Hi, welcome to the forum. 
Congratulations on your adoption of Yuki, hope you'll share pictures of her with us. 

Give Yuki some time to settle in with you, she's only been with you 5 days. It often takes a dog several weeks to settle in, feel comfortable, and safe. Everything is new to her, you, her surroundings, etc. 

Since she spent her previous life in a cage, she hasn't had any training. Treat her as if she were a pup with the housebreaking, take her out regularly throughout the day. Maybe ask her if she needs to go out to go potty or whatever word you want to use. When she goes potty outside, make a big deal out of it, tell her what a good girl she is. Give her treats if you want. 

I have a former breeder girl that spent her first 2 years in a cage, she was not house trained when I got her. It took a couple of days working with her before she started going outside to potty. She had an accident or two but within a week, she was house broken. If she has an accident, *do not scold her*, don't make a big deal out of it, just clean up the area. 

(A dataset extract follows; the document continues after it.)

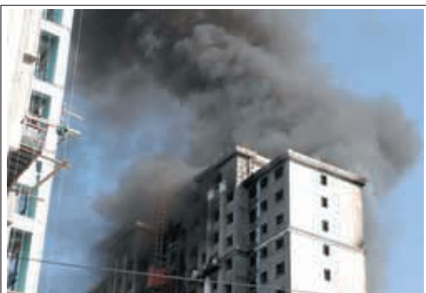
Photo taken on 29 Sept, 2013 shows a building on fire with dense smoke near the South 2nd Ring Road in Hohhot, capital of north China's Inner Mongolia Autonomous Region. No injuries have been reported so far.

Give her time to settle in and get use to you, you may want to get a trainer to work with her.


----------



## Charliethree (Jul 18, 2010)

May I suggest making things a bit easier for her to come to you by sitting on the floor, turn sideways to her, tossing the treats to her, and gradually shortening the distance you toss over time. (Our body posture 'says' a lot to a dog, facing them, standing up, or leaning forward, and even eye contact, can feel threatening to them, lowering our body, turning sideways and avoiding direct eye contact can help them feel safer with us.) The idea is to reward/reinforce her for having the courage to 'try', to help her learn that choosing to approach you (which is a huge step for her) is highly rewarding and safe for her to do. Once she is comfortable with approaching, continue sitting on the floor, and hold the treat out to the side, in the palm of your outstretched hand, over time bend your elbow so that she needs to come 'into your space' to receive the reward. When she is 'easily' taking the treat from your hand, when it is held close to your body, switch to a 'lickable' treat (peanut butter, yogurt, canned dog food) that you have smeared on the palm of your hand, starting again with your arm outstretched. The goal here is to encourage her to stay just a little bit longer 'in your space', helping her learn that she can trust you - she is safe.
A fearful dog can be 'lured' into approaching us, even taking those yummy treats from our hand, but we shouldn't forget that trust is built, trust is 'earned', one step at a time. Our 'end goal', whether coming for pets or taking treats from our hand, may need to be broken down into smaller steps, to make it easier for them, to give them time to learn to trust, set them up for success, and progress at their own pace.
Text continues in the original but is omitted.